Dans les castes des samouraïs la femme ne se verra jamais octroyer de liberté, alors que force est de constater que plus la classe sociale est basse (par exemple chez les petits artisans), plus l'homme et la femme se trouvaient en position d'équité. Il en va de même dans la haute noblesse où les relations entre les deux sexes étaient peu marquées par leur différence. Ceci essentiellement parce que les nobles oisifs étaient devenus littéralement efféminés et que cette différence entre homme et femme n'avait ainsi, de toute façon, que peu d'occasion d'être mise en évidence.

Le BUSHIDO a une vision double des choses : il a tâché d'évaluer la valeur de la femme sur un champ de bataille et dans son foyer. Dans un cas elle n'est rien dans l'autre tout. Le traitement réservé par le BUSHIDO à la femme suit cette logique : en tant qu'unité socio-politique elle comptait peu, en tant qu'épouse et mère, on lui témoignait le plus haut respect et elle faisait l'objet d'une très profonde affection. C'est parce qu'elles étaient mères que les hommes s'inclinaient devant elles, non parce qu'elles combattaient ou parce qu'elles faisaient les lois.

Pendant que les pères ou les maris étaient partis dans les champs ou à la guerre, la gestion de la maison était entièrement sous la responsabilité des mères et des femmes. L'éducation des enfants était entre leurs mains, et jusqu'à leur protection. A l'origine, les exercices militaires qu'on faisait faire aux femmes, devaient leur permettre de diriger et de suivre avec pertinence l'éducation de leurs enfants.

La conception de l'union par le mariage va plus loin à certains égards, que la conception chrétienne : "l'homme et la femme ne feront qu'un". Il est tout à fait irrationnel, pour un japonais, d'entendre un homme ou une femme parler à quelqu'un de l'autre moitié de lui-même et d'annoncer que cette autre moitié de lui (meilleure ou pire que la première) est belle, intelligente, généreuse ou je ne sais quoi d'autre encore. Vanter sa femme est comme vanter une partie de soi même, et la louange de soi est considérée chez les Japonais comme de très mauvais goût, pour ne pas dire d'avantage.

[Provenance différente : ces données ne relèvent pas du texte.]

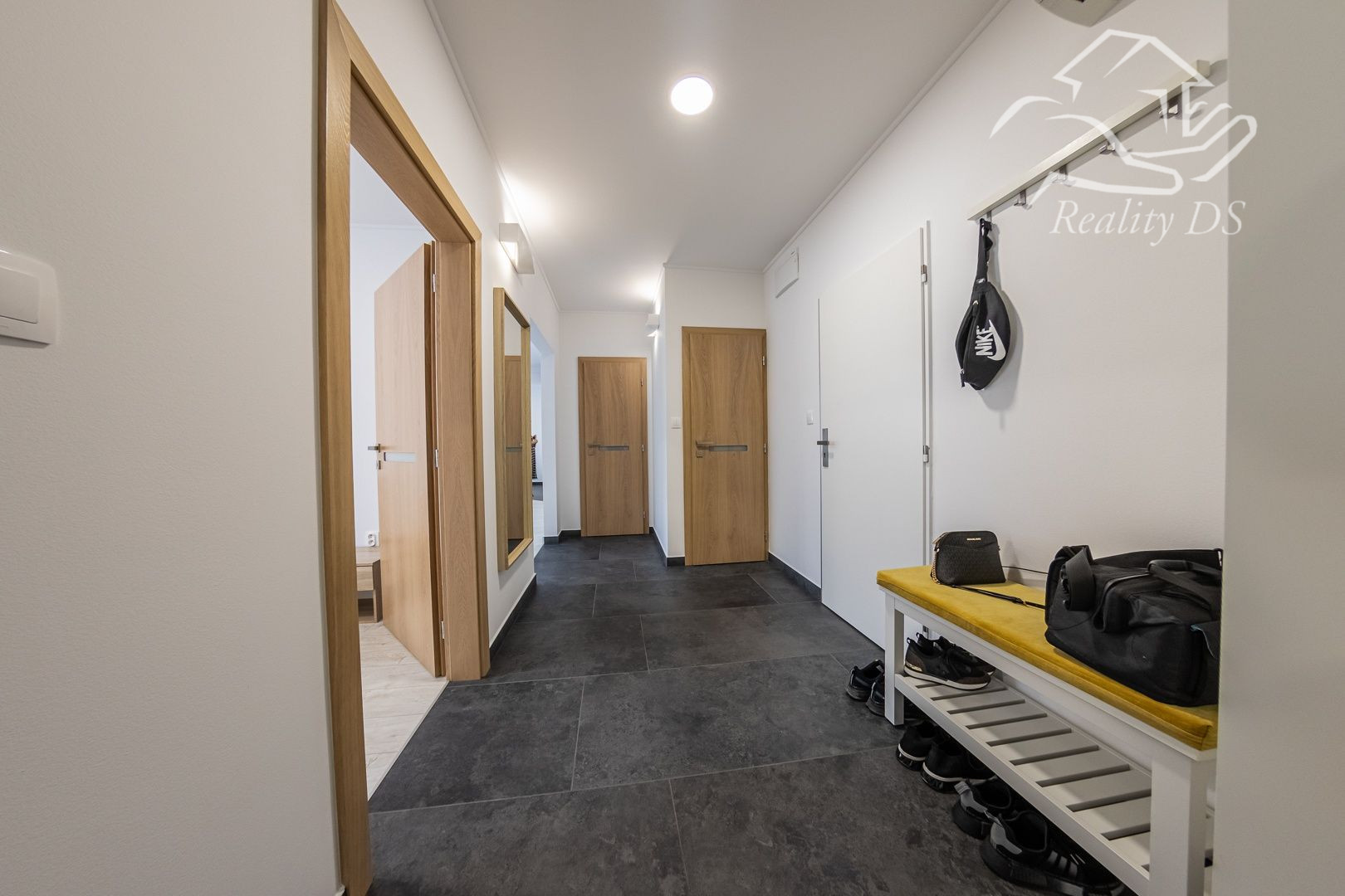 Byt pozostáva zo vstupnej chodby, dvoch samostatných izieb, kuchyne spojenej s obývačkou, špajze, samostatného WC a kúpeľne s vaňou. Byt má možnosť využívania spoločnej chodby so susedným bytom (8m², z toho 4m² možné využívať). Spoločná chodba je uzamykateľná a monitorovaná kamerovým systémom.

Dans l'éthique martiale du BUSHIDO, la ligne de partage entre le bien et le mal se situe ailleurs. Elle se fait sur la question du devoir qui lie l'homme à son essence divine ainsi qu'aux autres hommes par l'un des cinq types de relations. Parmi ces relations figure la loyauté; c'est à dire la relation entre deux hommes, l'un vassal et l'autre seigneur. 

Il n'est pas surprenant que les vertus et les enseignements des préceptes de la chevalerie ne soient pas restés propres à la classe militaire. Il faut donc considérer l'influence du BUSHIDO sur l'ensemble de la nation.

Ce que le japon était, il le devait aux samouraïs. Ils étaient la fleur de la nation, mais ils en étaient aussi les racines. Toutes les qualités bienveillantes du ciel coulaient en eux. Quoiqu'ils se gardèrent bien de se rapprocher socialement du reste du peuple, ils personnifiaient l'idéal moral et guidaient par l'exemple.

Le japon intellectuel et moral était directement ou indirectement l'œuvre du BUSHIDO.

L'esprit du BUSHIDO s'est écoulé de la classe sociale d'où il était originaire vers les classes inférieures, et joua le rôle d'un levain pour les masses, fournissant une morale à toute la population. Les préceptes de la chevalerie, conçus d'abord pour la gloire de l'élite, devinrent avec le temps une inspiration et une aspiration pour la nation tout entière; et bien que la populace ne puisse atteindre la hauteur morale de ces âmes nobles, "l'esprit du japon", en vint à exprimer l'esprit du peuple de l'île.